Kwantumcomputers zijn vandaag nog geen dreiging – maar voorzichtigheid mag

Naast AI is kwantumtechnologie één van de hete hangijzers in de tech-wereld. Met het grote verschil dat dat eerste inmiddels operationeel is. Hoe zit dat dan met kwantumcomputers?

Als je de doemberichten mag geloven, gaat kwantum-computing elke huidige vorm van versleuteling even nuttig maken als een trekhaak aan een vliegtuig. Kloppen die berichten? Moeten we al beginnen vrezen voor kwantumcapaciteiten? We laten Kristof Verslype aan het woord, cryptograaf bij Smals.

Een bitje voorstellen

Kwantumtechnologie werkt met qubits.

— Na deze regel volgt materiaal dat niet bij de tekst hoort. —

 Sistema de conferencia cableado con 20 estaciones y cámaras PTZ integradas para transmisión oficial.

Dat zijn subatomaire deeltjes die pas een vaste waarde krijgen wanneer we ze effectief meten.

Verslype begint met iets dat voor velen bijna een mantra is: kwantumcomputers gaan alle problemen oplossen die te lastig of zelfs onmogelijk zijn voor klassieke computers. “Mensen hebben soms de neiging om mythische eigenschappen toe te schrijven aan technologie die ze niet begrijpen.” verklaart hij. “Hetzelfde met kwantumcomputers.”

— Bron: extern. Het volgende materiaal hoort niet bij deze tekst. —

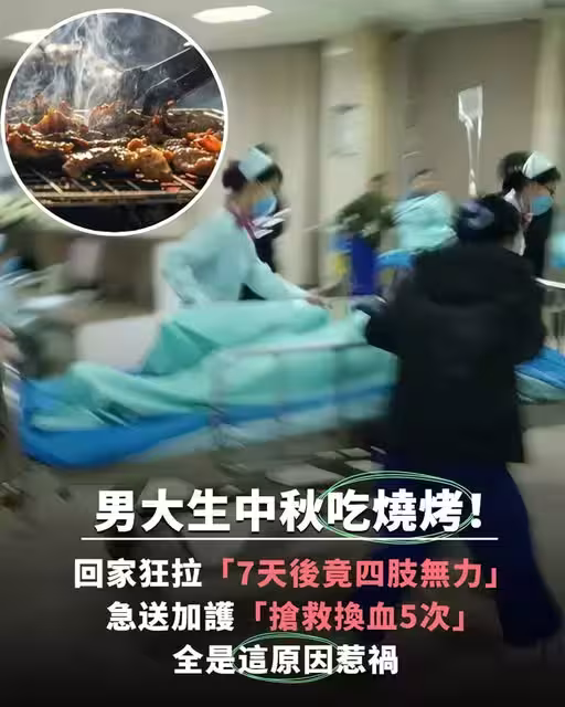 中秋吃燒烤!男大生回家狂拉「7天後竟四肢無力」急送加護「搶救換血5次」全是這原因惹禍。

Mensen hebben soms de neiging om mythische eigenschappen toe te schrijven aan technologie die ze niet begrijpen.

Kristof Verslype

“Dan is de vraag, wat is nu echt de theoretische kracht van kwantumcomputers?” gaat Verslype verder. Dat hangt van het probleem af. Hij maakt een onderverdeling in vier categorieën:

  • Geen meerwaarde
  • Waarschijnlijk geen meerwaarde
  • Mogelijke meerwaarde
  • Duidelijke meerwaarde

“Voldoende krachtige kwantumcomputers kunnen een meerwaarde hebben”, benadrukt Verslype. Simulaties van natuurlijke processen is een goed voorbeeld. “En we zijn er zeker van dat voldoende krachtige computers grote delen van onze moderne cryptografie gaan kunnen breken.” De belangrijke woorden zijn al gevallen.

Globaal

“Ondanks of net dankzij die onzekerheid zie je dat er wereldwijd heel wat middelen naar kwantumtechnologie gaan. De schatting voor dit jaar is 36 miljard dollar.” vertelt Verslype.

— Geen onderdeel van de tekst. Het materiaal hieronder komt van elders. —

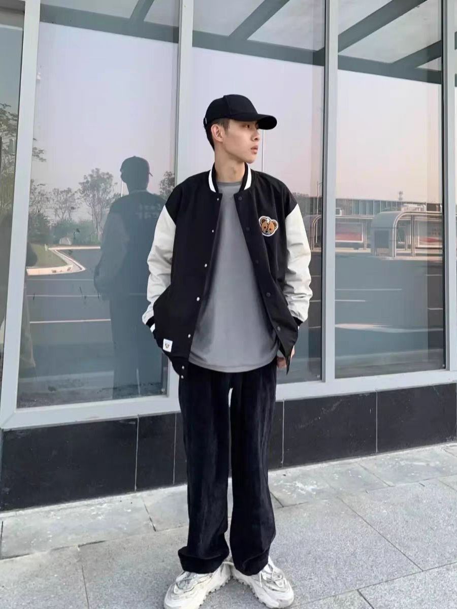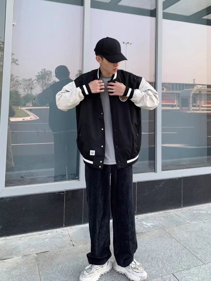 ☀黑色系真的yyds,简单又舒服! ☀黑白拼色棒球服搭配黑色灯芯绒阔腿裤,一套即遮肉又好看👋 ☀这条裤子是我最近的心头爱了,版型很绝,遮胯遮肉第一名,有拖地的慵懒时髦感 又不会那么挑身高 ☀秋冬肯定少不了灯芯绒阔腿裤🥳

Hij onderscheidt twee types van kwantumtechnologie:

  • Computing
  • Communicatie

“Kwantumcommunicatie of kwantum key-exchange is niet de meest praktische, maar wel een manier om ons te beschermen tegen de dreiging van krachtige kwantumcomputers, wanneer je praat over data in transit.” gaat Verslype verder.

Huidige toestand

Voor de meer praktische kant van de zaak gebruikt Verslype een nieuwsbericht als voorbeeld. De kop roept uit dat Google “kwantumsuprematie” heeft bereikt. Wat wil dat juist zeggen? “Minder dan je intuïtief zou denken,” verklaart hij. “Het betekent dat één kwantumcomputer één probleem dat een klassieke computer niet aankan, wel kan oplossen.”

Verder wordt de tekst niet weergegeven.